SCOW to assess the statutory authority of DNR wardens

State v. John R. Phelan, 2024AP777-CR, petition for review of an published court of appeals decision, granted 4/22/26; case activity

In a unique statutory construction case, SCOW will determine the scope of authority allocated to DNR wardens in enforcing the criminal law.

The State’s PFR presents three issues for SCOW’s review:

1. Did the court of appeals misinterpret Wis. Stat. § 29.921(5) in a manner that incorrectly circumscribes the Legislature’s grant of additional arrest authority to trained and certified wardens?
a. Did the court of appeals incorrectly interpret Wis. Stat. § 29.921(5)’s authorization for wardens to “arrest a person who has committed a crime in the presence of the warden” as applying only when a “warden has personally witnessed—based on any combination of the warden’s contemporaneous sensory perceptions, but based only on those contemporaneous perceptions—facts that objectively support probable cause to believe that the person has committed a crime, and not merely a civil law violation, in the warden’s presence”?
b. Did the court of appeals misinterpret Wis. Stat. § 29.921(5) when it read the phrase “A warden may not conduct investigations . . . of state law” so broadly as to prohibit a warden who validly arrests a person from performing tasks attendant to an arrest, such as picking up and securing evidence?
c. Did the court of appeals misinterpret Wis. Stat. § 29.921(5) so as to prohibit a warden who is assisting another law enforcement agency at the other agency’s request from doing anything to actually assist such as taking photos, or collecting or securing evidence?

2. Did the court of appeals incorrectly conclude that the remedy for a violation of Wis. Stat. § 29.921(5) by improperly conducting an investigation is suppression even though Phelan’s constitutional rights were not violated, Wis. Stat. § 29.921(5) says nothing about suppression for conducting an investigation, suppression is inconsistent with the statute’s objectives, and the circuit court did not determine that suppression was warranted?

3. Did the court of appeals properly vacate Phelan’s convictions without determining whether the error it identified affected Phelan’s substantial rights as Wis. Stat. § 805.18(2) requires?

(And we sometimes worry our issues statements are unnecessarily wordy!)
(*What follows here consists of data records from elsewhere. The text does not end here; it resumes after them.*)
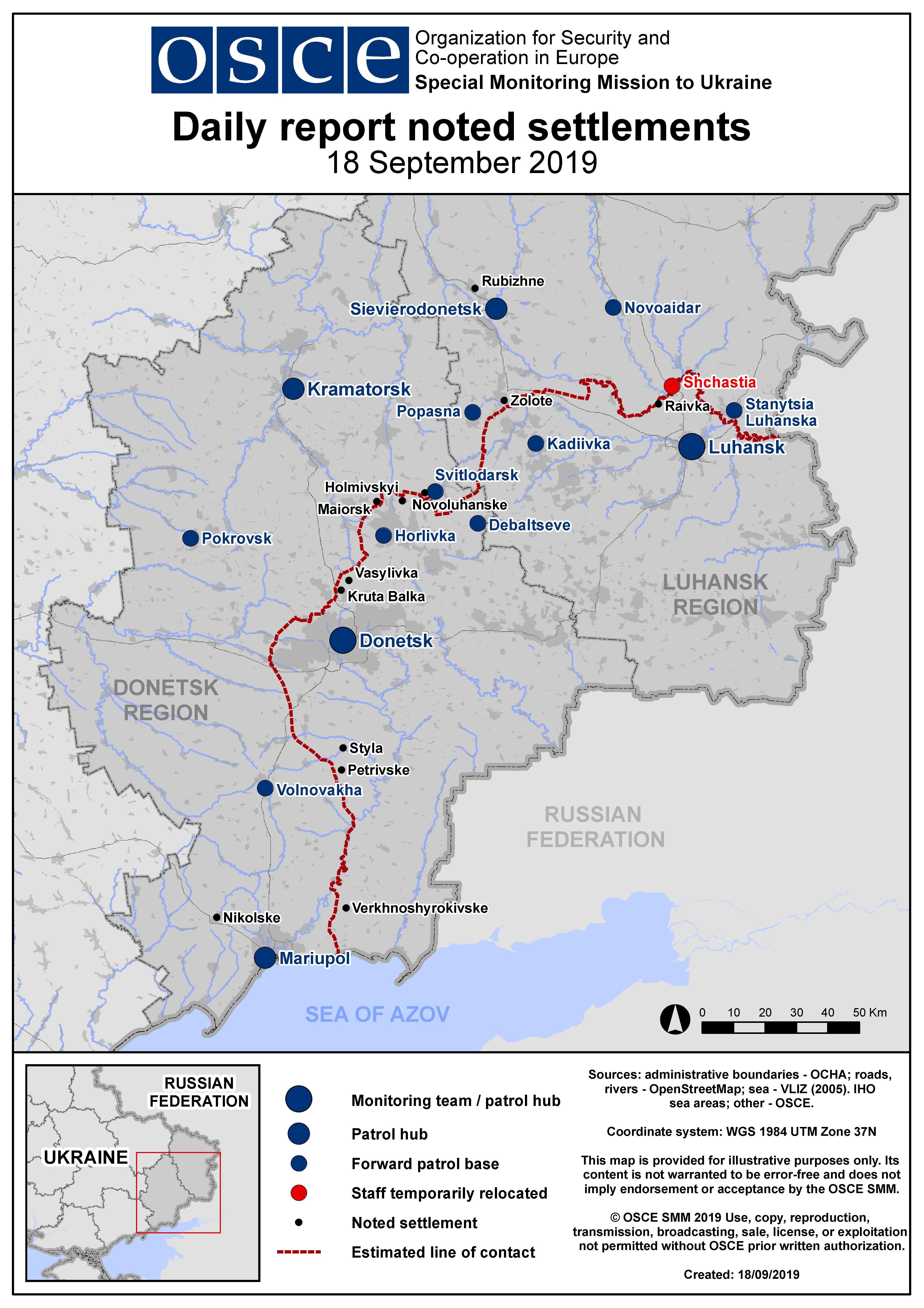 Based on information from the Monitoring Teams as of 19:30 17 September 2019. All times are in Eastern European Summer Time.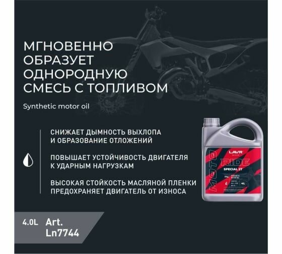 Моторное Масло Lavr Moto Ride Special 2Т Fd, 4 Л LAVR арт. LN7744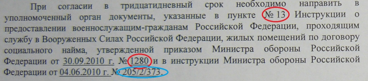 Не совсем так. В извещение написано п.13+ прил 5 205/2/373 представить в УПОЛНОМОЧЕННЫЙ ОРГАН. Т.е. передать представителю ДЖО или отправить, отвезти в Москву самому. После проверки правильности и законности - присылают разрешение на вселение. ИМХО все понятно.предоставить нужно в/сл только документы, согласно п.13 Приказа 1280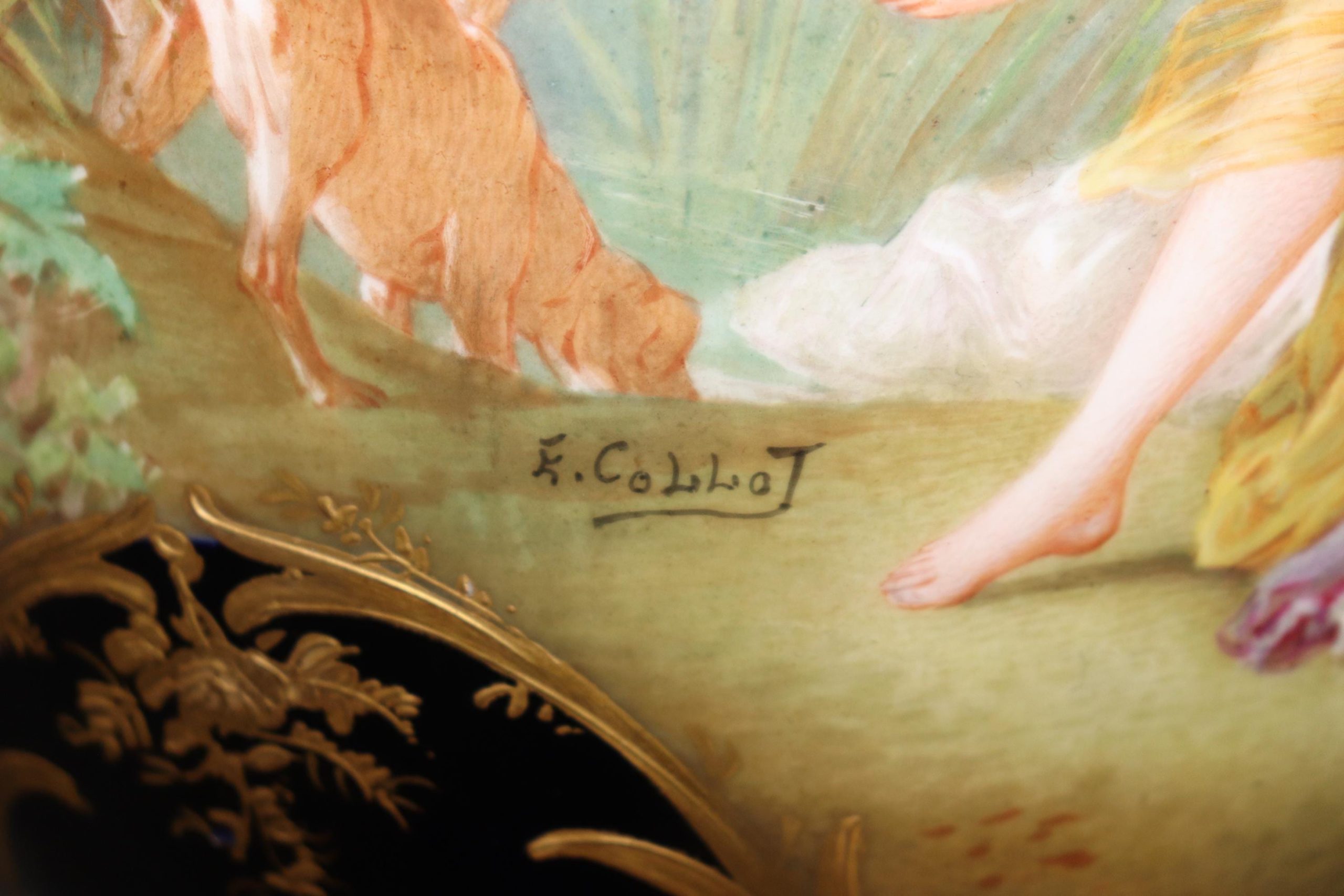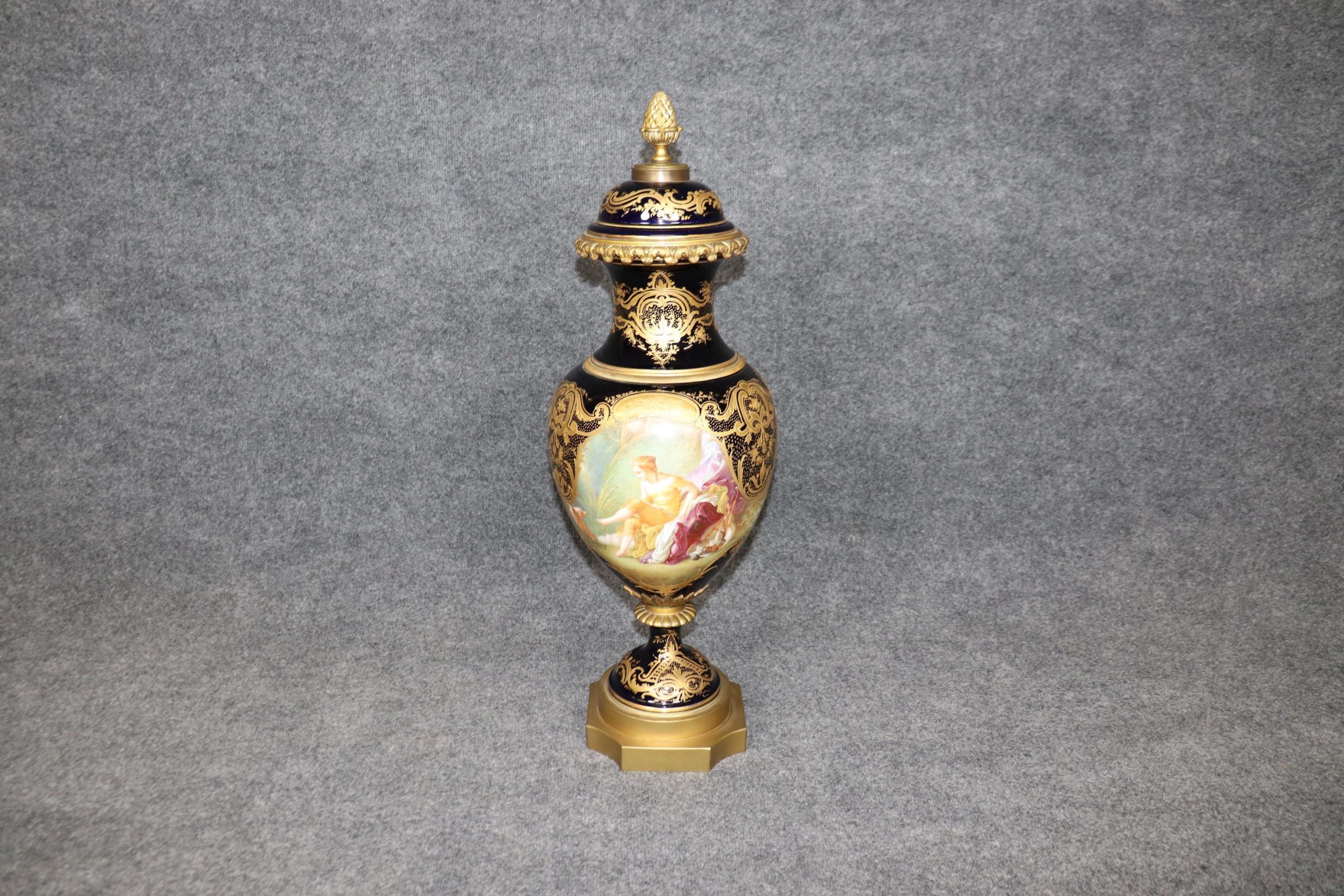 This antique late 19th century royal blue bronze ormolu and porcelain vase is more than just a decorative object—it’s a piece of history. Combining extraordinary craftsmanship, timeless design, and exquisite materials, this vase embodies the best of French porcelain artistry during the 19th century. With its striking royal blue color, intricate hand-painted designs by E.Collot, this vase remains a testament to the enduring legacy of Sèvres and the luxurious tastes of the aristocracy. Its beauty, rarity, and craftsmanship make it a highly prized collector’s item, sought after by those who appreciate the elegance and sophistication of the finest porcelain ever made.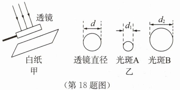 18. 小明为辨别直径相同的两个透镜的类型,分别将它们正对太阳,把一张纸放在透镜下方等距的位置,如图甲所示,在纸上得到相应的光斑A、B。透镜与光斑的大小如图乙所示($d_1 < d < d_2$)。其中,形成光斑A的是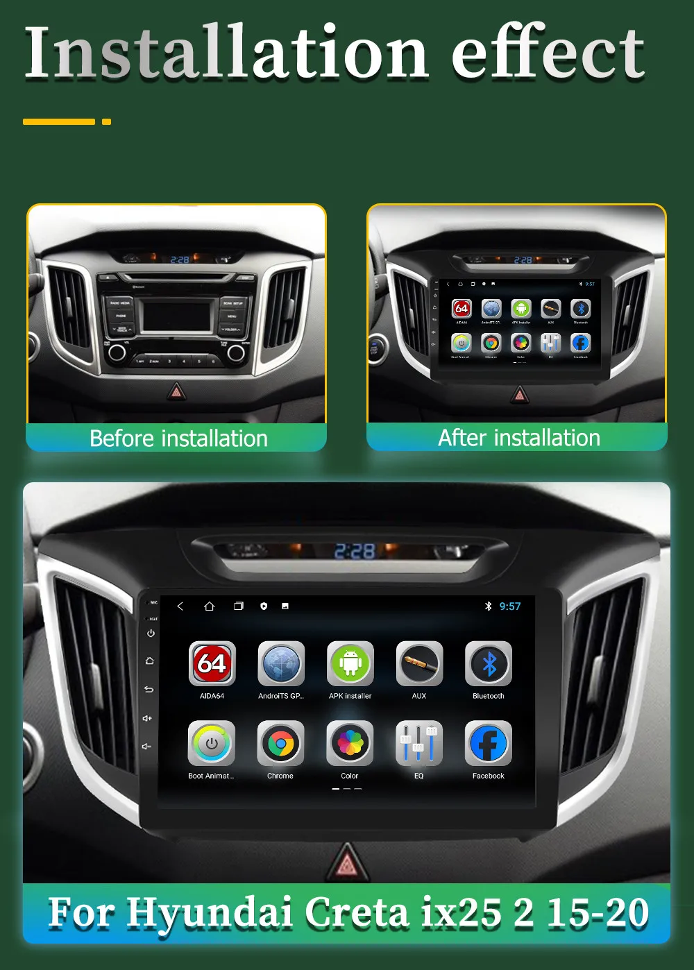 ОС: чистая Операционная система Android RAM + ROM: 1G + 16G 2G + 16G 2G + 32G 4G + 32G 4G + 64G 6G + 128G Поскольку система занимает внутреннюю память, операционная система занимает около 4-6 ГБ памяти. Бесплатная карта установки Процессор: четырехъядерный Звуковой процессор: TDA7388 4X45 Вт Поддержка изменения логотипа, пароля заводского набора: 8888, изменение логотипа Разъем питания: подключи и работай Встроенный GPS -Поддержка 2D HD и 3D карт Разрешение: емкостный экран 2.5D HD 1024*600 пикселей --- Поддержка внешнего мобильного U-диска и жесткого диска формата FAT32 (без ограничения по емкости) --- Интернет-развлечения, встроенный модуль WiFi. --- Поддержка видеоигр HD 1080p, поддержка зеркального соединения и Airplay. --- Радио: FM / AM-радио с 30 предопределенными станциями Языки: испанский, немецкий, упрощенный китайский, традиционный китайский, французский, английский Японский Корейский Тайский Турецкий греческий корейский польский датский голландский Чешский румынский малайский шведский Словацкий иврит вьетнамский финский упрощенный китайский традиционный китайский Функция двойной зоны (пользователь может слушать музыку или радио в режиме GPS-навигации) --- Встроенная Bluetooth-гарнитура и телефонная книга, поддержка A2DP, воспроизведение музыки напрямую по телефону. (Необходимо согласиться на авторизацию телефона и синхронизировать контактную информацию в настройках телефона) Совместимость с управлением на руле Электронная и механическая Противоударная система --- Высокомощный стерео аудиовыход, поддерживает 4 динамика ---- Вход камеры заднего вида Обратите внимание: в этой статье нет функции DVD / CD, но она поддерживает жесткий диск, мобильный USB / U диск.
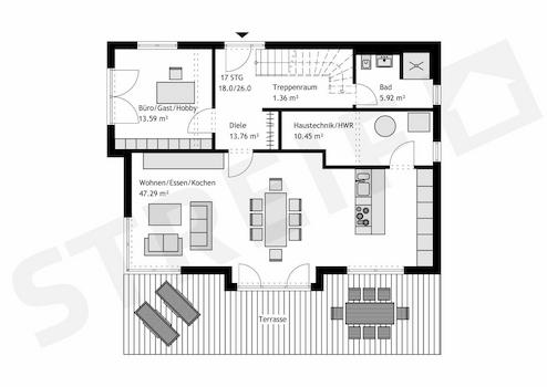 - Inkl. STREIF-Luft-Wasser-Wärmepumpen-Technologie mit integrierter Lüftungsanlage mit Wärmerückgewinnung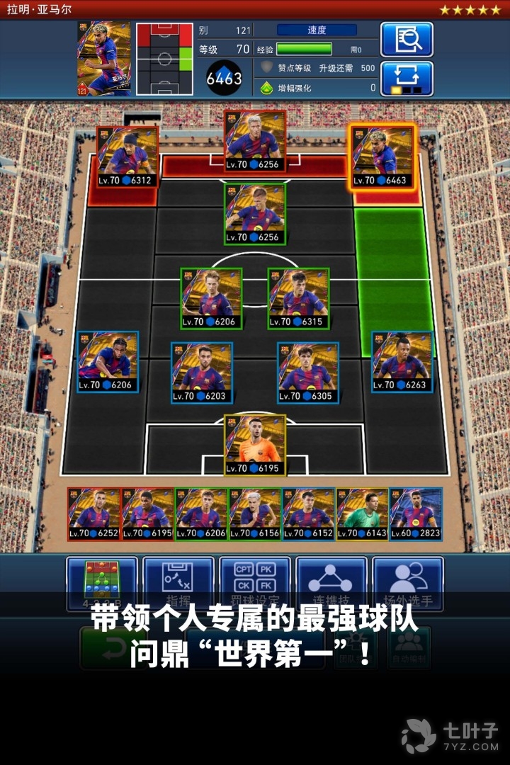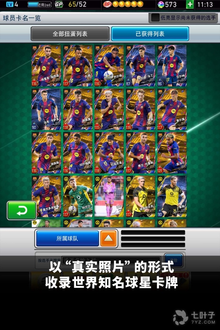 3、在游戏中,您可收集全球著名球员卡牌,他们都拥有者不同的数值属性以及各自的特色球技,你要合理的搭配和培养他们,赢得最终的胜利

Phelan filed a response to the State’s petition, arguing that issues two and three were forfeited. Helping to nudge the case toward acceptance, the DNR also filed an amicus.

As we highlighted in our post on the case, this case applies to the unique situation where a DNR warden becomes involved in the investigation of a crime, such as an OWI. Phelan “succeeded” below by showing that the DNR warden exceeded his authority by conducting an OWI investigation, thereby winning suppression of evidence gathered during that investigation including the FST results, the PBT result, and any statements made by Phelan. However, his blood test result–showing the presence of an RCS in his blood–was not suppressed (as that evidence was not the product of the DNR warden’s unlawful investigation).

This leads into the funky posture. Phelan was acquitted of the OWI offense at trial. He was found guilty of the RCS. (He’s also found guilty of possession of paraphernalia, but confusingly, the opinion does not tell the reader where or how that evidence was discovered). Because the State was explicitly faulted for not developing a harmless error argument–and in fact conceded that, if evidence was suppressed, the case should be remanded for the circuit court to sort out–COA essentially punted the matter back to the circuit court to determine whether suppression of this evidence matters. That seems like the correct call, because there’s no discussion in this opinion as to whether the dispositive blood test evidence was in any way undermined at trial such that omission of the OWI evidence could have meaningfully impacted the jury’s assessment of that charge.

Yet, once COA accepted the State’s concession at oral argument that the case should “probably” be remanded, the State petitions, arguing that COA was wrong not to independently apply the harmless error rule as “required” by SCOW’s decision in State v. Harvey.  Thus, while the case may not end up impacting Phelan, specifically, it turns out SCOW’s review might have ramifications for many criminal appeals involving alleged harmless error.